## Exercise requirements
Transcribe the data exactly, omitting whatever pictures it holds.

## Dataset content

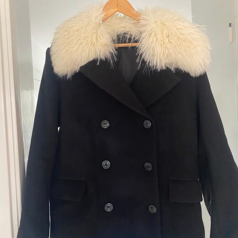 Användbar kappa när man vill vara snygg så här års. Skön pälskrake och bra passform med bara 3 knappar.
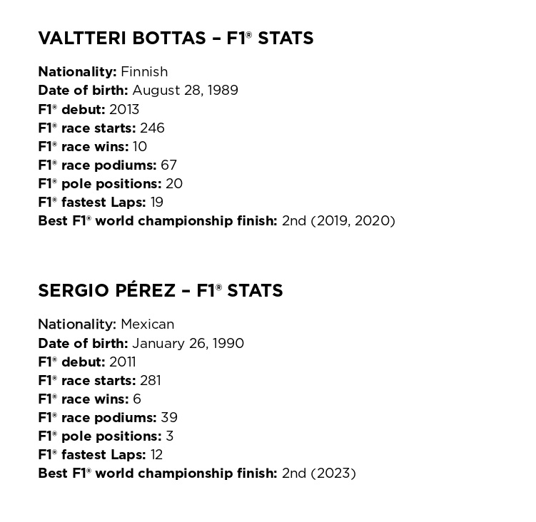 Il Cadillac F1 Team ha annunciato la firma di due piloti stellari: il 10 volte vincitore di GP Valtteri Bottas e il sei volte vincitore Sergio “Checo” Perez saranno alla volante della monoposto 2026, anno dei debutto della squadra in F1, Bottas e Parez apportano un mix ineguagliabile di esperienza, leadership e conoscenza tecnica, consentendo al Cadillac Formula 1 Team di partire subito al top nel campionato più prestigioso al mondo. Con oltre 500 GP disputati, oltre 100 podi e una profonda competenza nello sviluppo, la coppia svolgerà un ruolo centrale nel definire le basi competitive del team fin dal primo giorno.
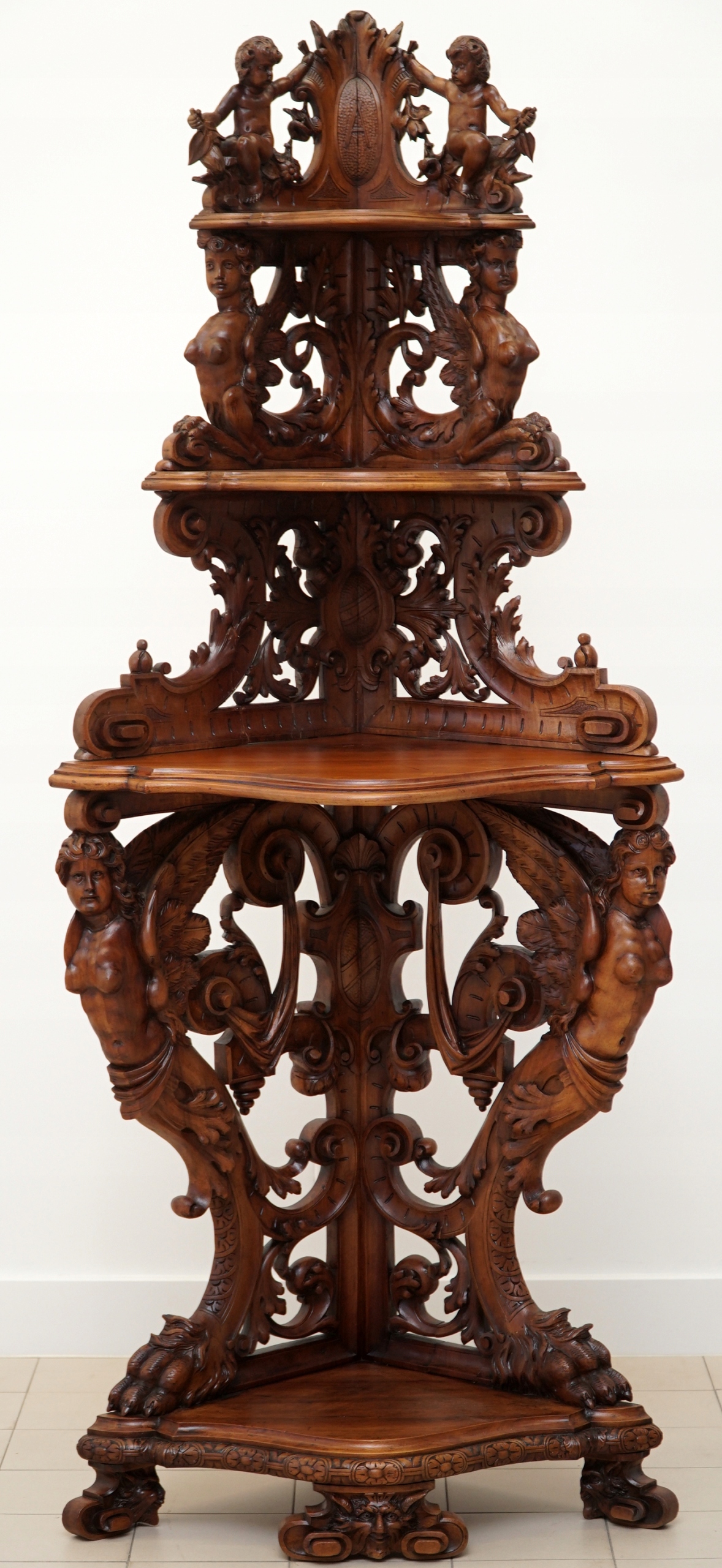 Полиця в стилі бароко, кутник з масиву горіха. Походження Західна Європа, друга половина 19 ст.
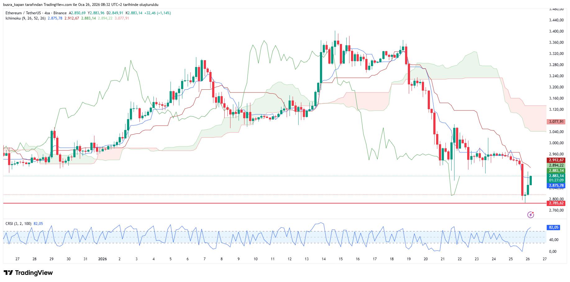 Bitcoin'de görülen düşüşlerin etkisiyle, altcoinlerde de aşağı yönlü eğilimlerin olduğu görülüyor. Ethereum, bugün 2 bin 785 dolara geriledi. Bugün sabah seansında 09.29'da 2 bin 883 dolarda bulunuyor.
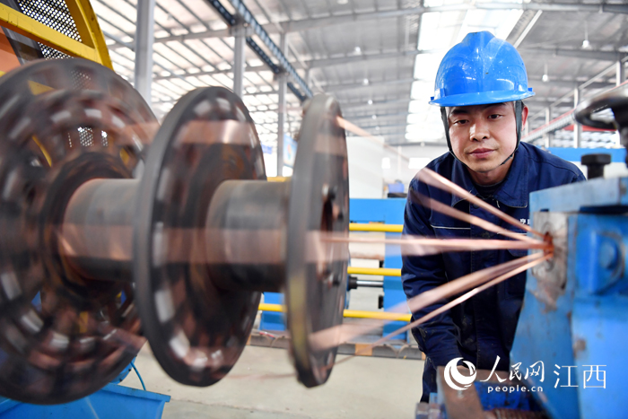 近年來,豐城市招商引資變來者皆有意為精挑細選,為發展升級注入強勁動力。圖為循環經濟產業園一家再生銅加工企業內,工人正在生產線上操作。人民網時雨攝

## Answer box
 Användbar kappa när man vill vara snygg så här års. Skön pälskrake och bra passform med bara 3 knappar.
 Il Cadillac F1 Team ha annunciato la firma di due piloti stellari: il 10 volte vincitore di GP Valtteri Bottas e il sei volte vincitore Sergio “Checo” Perez saranno alla volante della monoposto 2026, anno dei debutto della squadra in F1, Bottas e Parez apportano un mix ineguagliabile di esperienza, leadership e conoscenza tecnica, consentendo al Cadillac Formula 1 Team di partire subito al top nel campionato più prestigioso al mondo. Con oltre 500 GP disputati, oltre 100 podi e una profonda competenza nello sviluppo, la coppia svolgerà un ruolo centrale nel definire le basi competitive del team fin dal primo giorno.
 Полиця в стилі бароко, кутник з масиву горіха. Походження Західна Європа, друга половина 19 ст.
 Bitcoin'de görülen düşüşlerin etkisiyle, altcoinlerde de aşağı yönlü eğilimlerin olduğu görülüyor. Ethereum, bugün 2 bin 785 dolara geriledi. Bugün sabah seansında 09.29'da 2 bin 883 dolarda bulunuyor.
 近年來,豐城市招商引資變來者皆有意為精挑細選,為發展升級注入強勁動力。圖為循環經濟產業園一家再生銅加工企業內,工人正在生產線上操作。人民網時雨攝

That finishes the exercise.